This project evaluates how well different large language models (LLMs) process, analyze, and extract information from board-game rule texts. By testing models on real board games from the BoardGameGeek Hall of Fame, we assess their ability to interpret formal logic and adapt complex information to different contexts.
The primary objectives of this project are to:
- Evaluate explanation generation: Test LLMs' ability to extract fundamental game concepts and adapt them for different audiences (ages 7, 11, and 16)
- Assess error detection: Determine how well models can identify missing or contradictory information in rule texts
- Estimate game properties: Compare model predictions of game complexity, optimal player count, mechanics, and duration against BoardGameGeek data
This study compares three open-source LLMs:
- LLaMA
- Gemma
- Qwen
Rules from 5 board games (subset of BoardGameGeek Hall of Fame):
- 7 Wonders
- Catan
- Dominion
- Power Grid
- Ticket to Ride
Models generate age-appropriate explanations evaluated on readability (SMOG, Flesch-Kincaid, Dale-Chall), completeness (rule coverage), and conciseness (compression ratio).

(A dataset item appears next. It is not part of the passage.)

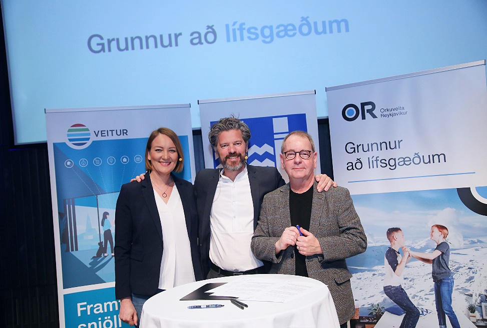 Það voru þau Dagur B. Eggertsson borgarstjóri, Bjarni Bjarnason forstjóri OR og Inga Dóra Hrólfsdóttir, framkvæmdastjóri Veitna, sem undirrituðu samkomulagið á ársfundi OR í Hörpu nú síðdegis.

Models identify intentional flaws in rule texts across 5 difficulty levels: original, missing rules, contradictions, incoherent combinations, and game-breaking mechanics.
Models estimate game mechanics, complexity, optimal player count, and duration, with results validated against BoardGameGeek data.
- Models show strong performance in rule extraction and player count estimation
- Error detection capabilities are limited, especially for subtle inconsistencies
- Smaller model size is a significant constraint for complex logical reasoning
- Duration estimation remains unreliable across all tested models
Parts of this project have been developed with the assistance of OpenAI's ChatGPT (GPT-oss). AI was used to summarize ideas, generate code for some visualization (marked with a comment), rephrasing, help restructure data for the report tables and generate this README. All content produced with AI assistance has been carefully reviewed, edited, and validated by me. I take full responsibility for the final content and its accuracy.